Battle of Lepanto - Aftermath

Aftermath

The engagement was a significant defeat for the Ottomans, who had not lost a major naval battle since the fifteenth century. The defeat was mourned by them as an act of Divine Will, contemporary chronicles recording that "the Imperial Fleet encountered the fleet of the wretched infidels and the will of God turned another way." To half of Christendom, this event encouraged hope for the downfall of "the Turk", the Satan-like personification of the Ottoman Empire, who was regarded as the "Sempiternal Enemy of the Christian". Indeed, the Empire lost all but 30 of its ships and as many as 30,000 men, and some Western historians have held it to be the most decisive naval battle anywhere on the globe since the Battle of Actium of 31 BC.

Despite the decisive defeat, the Ottoman Empire rebuilt its navy with a massive effort, by largely imitating the successful Venetian galeasses, in a very short time. By 1572, about six months after the defeat, more than 150 galleys and 8 galleasses, in total 250 ships had been built, including eight of the largest capital ships ever seen in the Mediterranean. With this new fleet the Ottoman Empire was able to reassert its supremacy in the Eastern Mediterranean On 7 March 1573 the Venetians thus recognized by treaty the Ottoman possession of Cyprus, whose last Venetian possession, Famagosta, had fallen to the Turks under Piyale Pasha on 3 August 1571, just two months before Lepanto, and remained Turkish for the next three centuries, and that summer the Ottoman Navy attacked the geographically vulnerable coasts of Sicily and southern Italy. Sultan Selim II's Chief Minister, the Grand Vizier Mehmed Sokullu, argued to the Venetian emissary Marcantonio Barbaro that the Christian triumph at Lepanto made no lasting harm to the Ottoman Empire, while the capture of Cyprus by the Ottomans in the same year was a significant blow, saying that:

You come to see how we bear our misfortune. But I would have you know the difference between your loss and ours. In wresting Cyprus from you, we deprived you of an arm; in defeating our fleet, you have only shaved our beard. An arm when cut off cannot grow again; but a shorn beard will grow all the better for the razor.

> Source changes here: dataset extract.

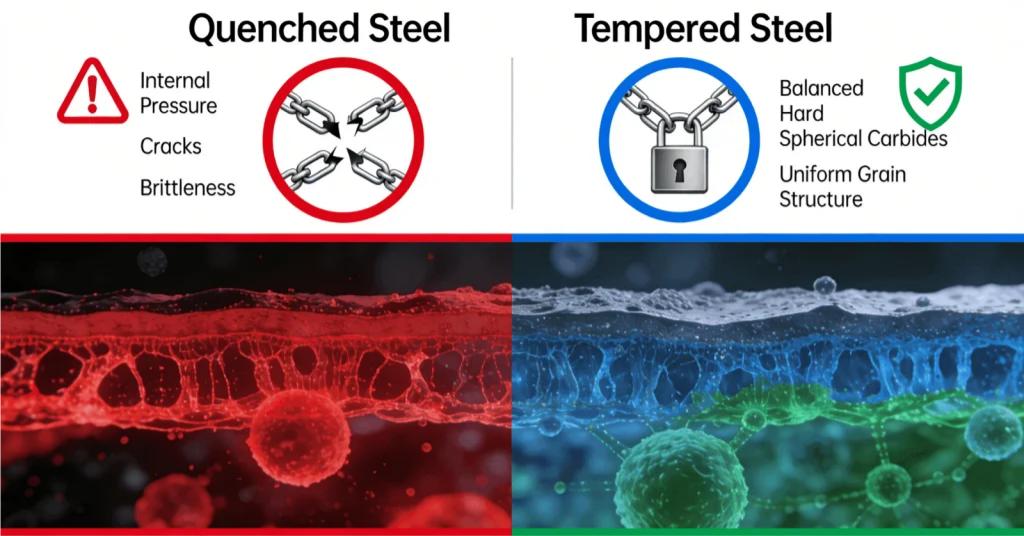 When steel is hardened by rapid cooling, its internal structure becomes very hard but unstable. Without tempering, hardened steel can crack, chip, or fail under stress.
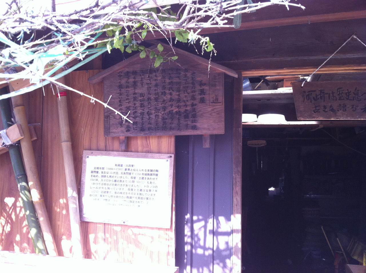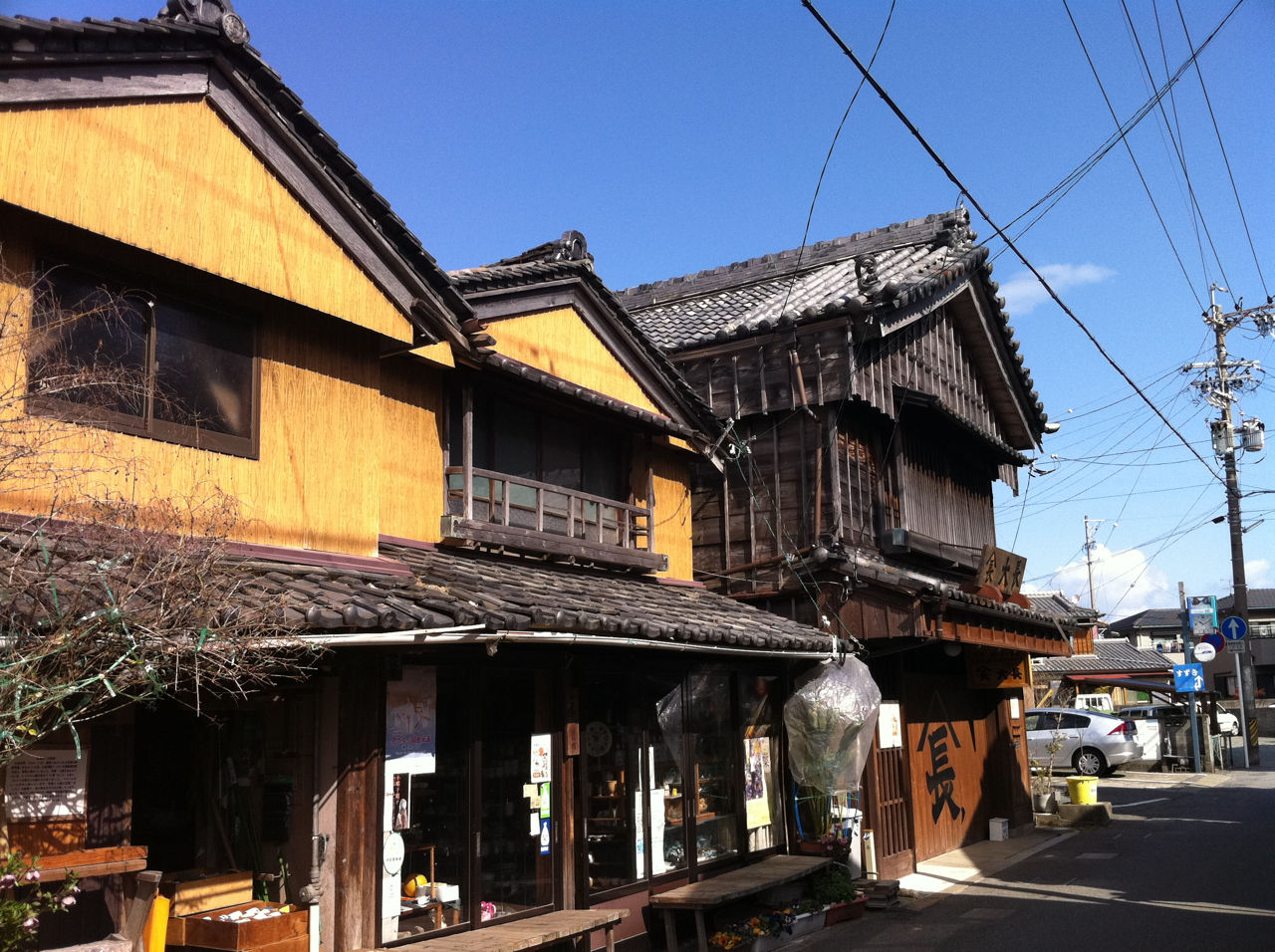 大戦時、伊勢も空襲にあいましたが、幸いなことにここは残り、昔から続く街並みが、「観賞用」ではなく、今なお使われながら現代に続いております。道幅は昔の道にしては少し広めですが、それは大八車を引いて荷を運ぶためだったからだそうです。町の横には勢田川が流れ、かつてはその川をつかって、伊勢内外との商いを行っていたとのこと。きっと私のご先祖様も使っていたに違いないと思いました。

Numerous historians pointed out the historical importance of the battle and how it served as a turning point in history. For instance, it is argued that while the ships were relatively easily replaced, it proved much harder to man them, since so many experienced sailors, oarsmen and soldiers had been lost. The loss of so many of its experienced sailors at Lepanto sapped the fighting effectiveness of the Ottoman Navy, a fact emphasized by their avoidance of major confrontations with Christian navies in the years following the battle. Other historians(?) have suggested that the reason for the Turks being contained at the time had less to do with the battle of Lepanto but the fact that they had to contend with a series of wars with Persia a strong military power at the time.

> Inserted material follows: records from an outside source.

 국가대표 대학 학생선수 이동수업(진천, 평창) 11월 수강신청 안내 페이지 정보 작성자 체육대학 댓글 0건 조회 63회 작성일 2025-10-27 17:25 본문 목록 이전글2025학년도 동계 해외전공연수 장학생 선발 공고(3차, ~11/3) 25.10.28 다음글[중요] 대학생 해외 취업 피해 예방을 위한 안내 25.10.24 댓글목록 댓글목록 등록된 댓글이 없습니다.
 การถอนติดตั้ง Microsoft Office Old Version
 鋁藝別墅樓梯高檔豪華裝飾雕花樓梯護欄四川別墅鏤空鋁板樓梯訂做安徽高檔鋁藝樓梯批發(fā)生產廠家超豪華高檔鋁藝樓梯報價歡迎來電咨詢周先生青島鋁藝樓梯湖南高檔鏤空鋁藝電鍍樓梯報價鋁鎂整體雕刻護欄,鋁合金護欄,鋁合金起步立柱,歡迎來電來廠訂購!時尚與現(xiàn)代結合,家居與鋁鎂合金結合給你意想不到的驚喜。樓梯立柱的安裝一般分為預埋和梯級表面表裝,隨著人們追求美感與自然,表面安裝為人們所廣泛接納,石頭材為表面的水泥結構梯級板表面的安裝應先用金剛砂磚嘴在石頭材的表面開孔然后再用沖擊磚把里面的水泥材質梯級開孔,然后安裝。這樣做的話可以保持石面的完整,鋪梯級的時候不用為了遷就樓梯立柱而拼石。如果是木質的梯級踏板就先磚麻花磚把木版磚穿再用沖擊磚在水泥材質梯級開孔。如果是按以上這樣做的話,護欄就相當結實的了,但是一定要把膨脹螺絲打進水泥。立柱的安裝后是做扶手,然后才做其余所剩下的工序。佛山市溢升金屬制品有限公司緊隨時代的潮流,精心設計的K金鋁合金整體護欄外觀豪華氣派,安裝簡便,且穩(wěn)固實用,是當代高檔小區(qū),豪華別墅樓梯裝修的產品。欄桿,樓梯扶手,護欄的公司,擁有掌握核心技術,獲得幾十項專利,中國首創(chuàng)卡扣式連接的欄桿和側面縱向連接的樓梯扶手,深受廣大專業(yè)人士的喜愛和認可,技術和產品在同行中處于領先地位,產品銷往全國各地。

After 1580, the discouraged Ottomans left the fleet to rot in the waters of the Horn. Especially critical was the loss of most of the caliphate's composite bowmen, which, far beyond ship rams and early firearms, were the Ottoman's main embarked weapon. British historian John Keegan noted that the losses in this highly specialized class of warrior were irreplaceable in a generation, and in fact represented "the death of a living tradition" for the Ottomans. Historian Paul K. Davis has argued that:

This Turkish defeat stopped Turkey's expansion into the Mediterranean, thus maintaining western dominance, and confidence grew in the west that Turks, previously unstoppable, could be beaten.

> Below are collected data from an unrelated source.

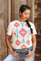 Elevate your wardrobe with this exquisite L&B short sleeve top. The sophisticated blend of ivory, coral, and turquoise creates a refined Aztec pattern that transitions effortlessly from casual to elegant settings. Crafted with attention to detail, this versatile piece pairs beautifully with your favorite accessories for a polished, distinctive look.
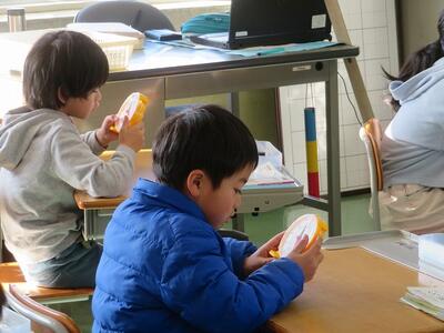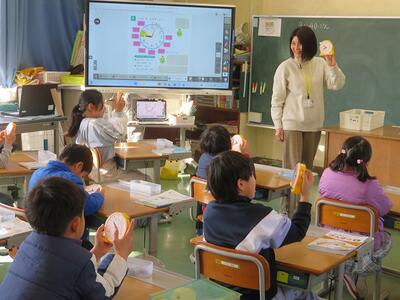 1年生が、時計をよむ学習を行っています。「短い針で何時かをよむ」「長い針で何分かをよむ」というきまりを学習して、実際に時計の模型を動かしながら学習しています。この日は、授業の始まりと終わり、給食の時間の始まりと終わりなど、実際の学校生活と結びつけてよみ方の練習を行っていました。担任から指定された時刻を時計で表すことができると「できました!」と元気な声が飛び交いました。このように実際に時計の模型を操作しながらよみ方を身に付けていきます。いずれは模型を使わずに目で見てよむことができる日が来ることでしょう。今後の成長が楽しみです。
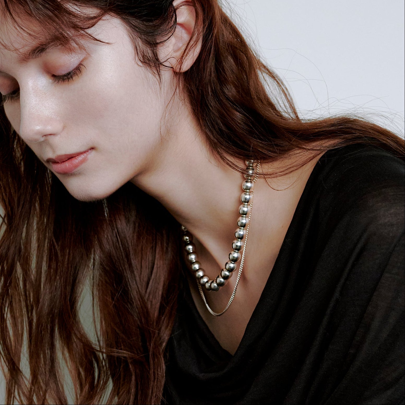 シルバーボールとチェーンを合わせたレイヤードデザインネックレス。
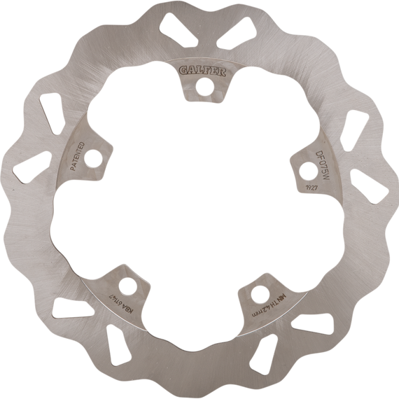 Caracteristicas: Laser-cut double disc ground 420 high carbon stainless steel Direct-replacement brake rotors; do not require any extra parts, bolt on just like a stock brake disc Full-floating design rotors have an aluminum center carrier Improves brake lever feel and modulation Rotors cool as they rotate to lower brake operating temperatures Design is self-cleaning, removes water as it rotates Less tendency to warp Manufactured in Spain For maximum braking performance and rotor longevity, Galfer recommends using Galfer brake pads with Galfer rotors.
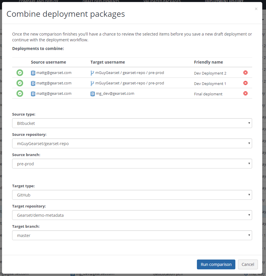 Select the source and target of your new combined deployment package and kick off a fresh comparison to continue. Note that any custom filter and managed package settings from your selected deployments will be automatically combined and applied to your new comparison.
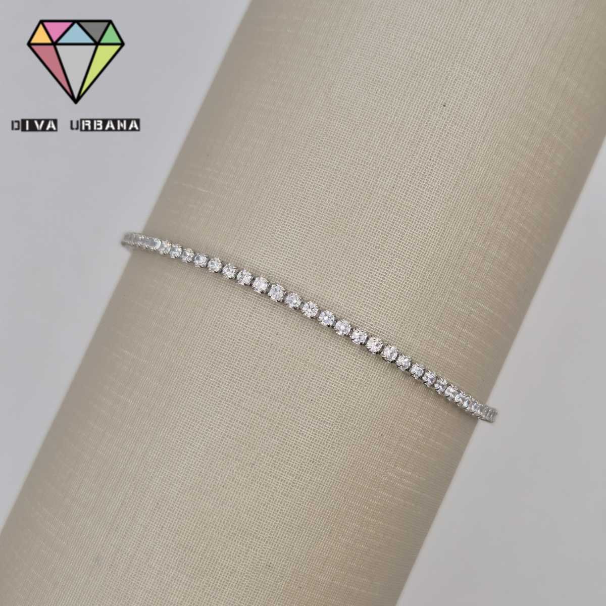 P2493 PULSEIRA RIVEIRA FINA ZIR CRISTAL BANHO RODIO
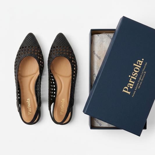 Ballerines Slingback Femme en Cuir Tressé Noir - Bride Arrière - Bout Rond
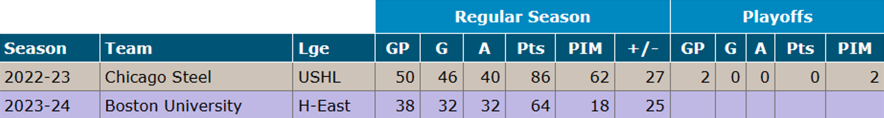 Here’s a look Bedard, Celebrini and McKenna’s stats before being drafted. Reminder that McKenna still has one season left to play before he's draft eligible. So his stats this season are more comparable to Bedard in 2021-22 or Celebrini in 2022-23:

Thus, this victory for the Holy League was historically important not only because the Turks lost 80 ships sunk and 130 captured by the Allies, and 30,000 men killed (not including 12,000 Christian galley slaves who were freed) while allied losses were 7,500 men and 17 galleys—but because the victory heralded the end of Turkish supremacy in the Mediterranean.

However, in 1574, the Ottomans retook the strategic city of Tunis from the Spanish-supported Hafsid dynasty, which had been re-installed after Don Juan's forces reconquered the city from the Ottomans the year before. Thanks to the long-standing Franco-Ottoman alliance, the Ottomans were able to resume naval activity in the western Mediterranean. In 1579 the capture of Fez completed Ottoman conquests in Morocco that had begun under Süleyman the Magnificent. The establishment of Ottoman suzerainty over the area placed the entire southern coast of the Mediterranean from the Straits of Gibraltar to Greece under Ottoman authority, with the exceptions of the Spanish-controlled trading city of Oran and strategic settlements such as Melilla and Ceuta.